• Available data:

* * * * * * *

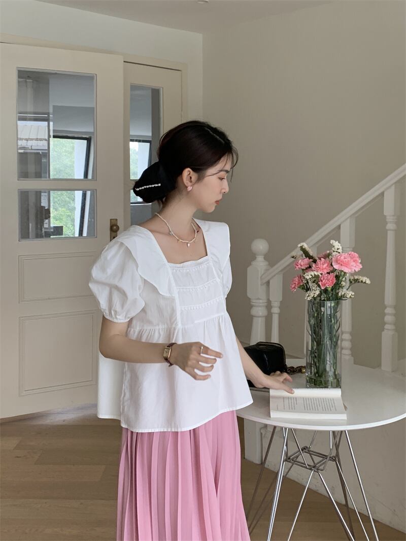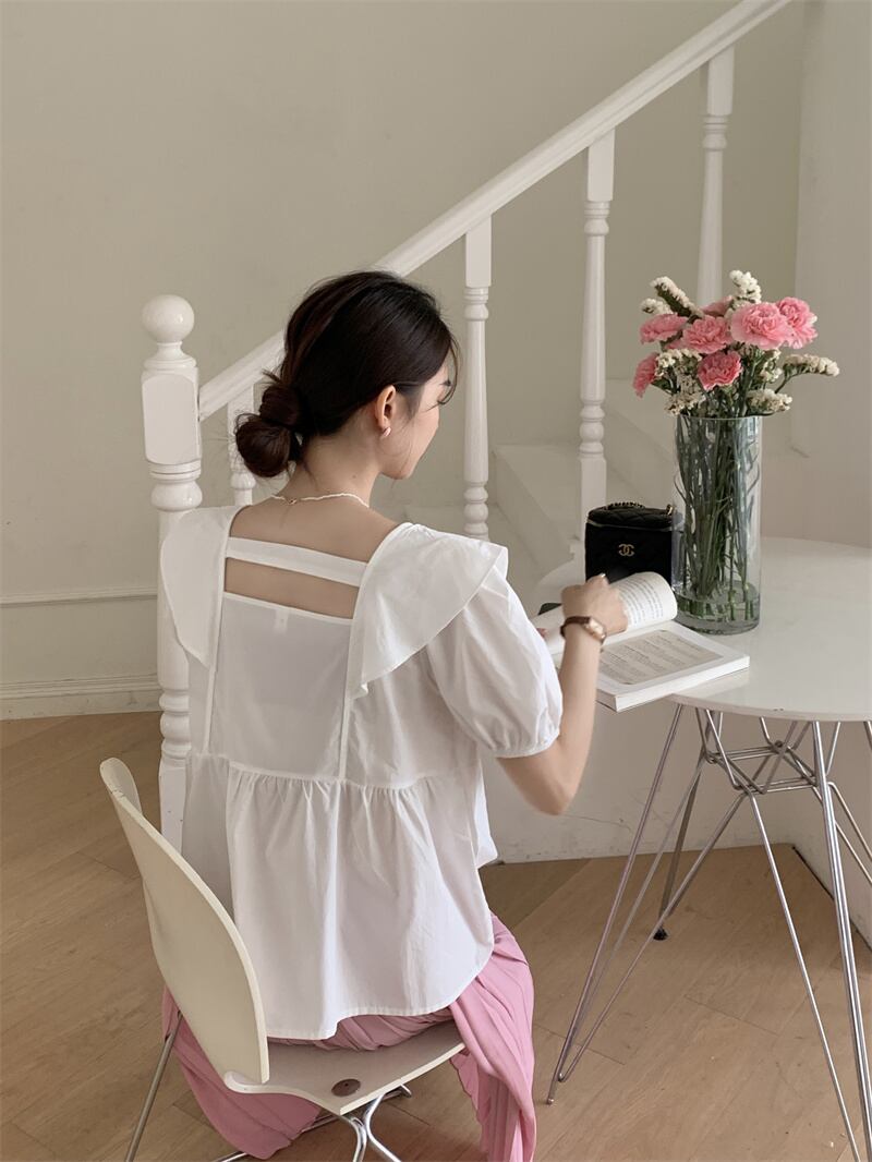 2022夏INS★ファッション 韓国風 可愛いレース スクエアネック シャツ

* * * * * * *

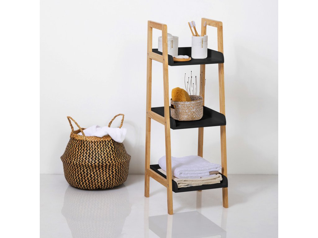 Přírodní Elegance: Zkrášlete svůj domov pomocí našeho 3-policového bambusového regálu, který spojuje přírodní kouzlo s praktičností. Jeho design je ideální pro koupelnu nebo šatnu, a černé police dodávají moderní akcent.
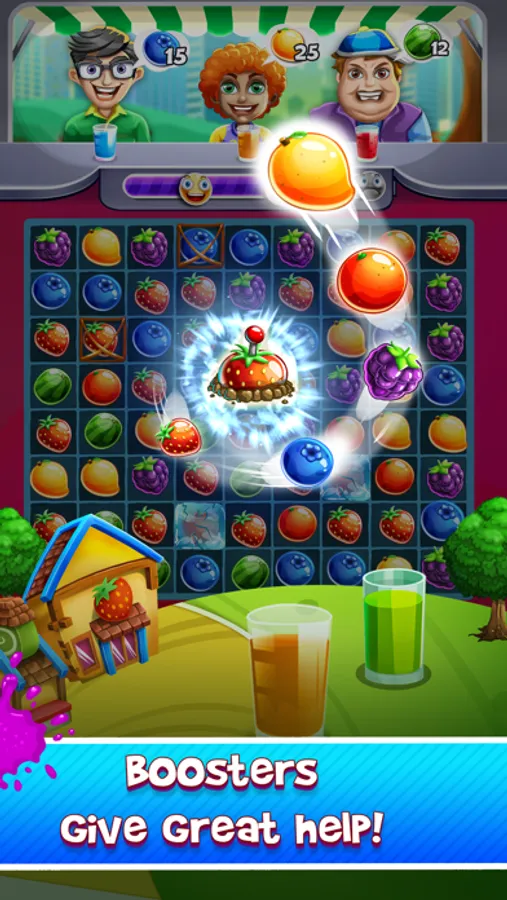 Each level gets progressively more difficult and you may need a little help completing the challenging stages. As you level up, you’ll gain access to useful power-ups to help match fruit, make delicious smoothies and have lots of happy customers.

* * * * * * *

• What to work on: Return exactly the lines above, from the one with "Přírodní Elegance: Zkrášlete" up to and including the one with "Each level gets", and include no pictures.

• Task output:
 Přírodní Elegance: Zkrášlete svůj domov pomocí našeho 3-policového bambusového regálu, který spojuje přírodní kouzlo s praktičností. Jeho design je ideální pro koupelnu nebo šatnu, a černé police dodávají moderní akcent.
 Each level gets progressively more difficult and you may need a little help completing the challenging stages. As you level up, you’ll gain access to useful power-ups to help match fruit, make delicious smoothies and have lots of happy customers.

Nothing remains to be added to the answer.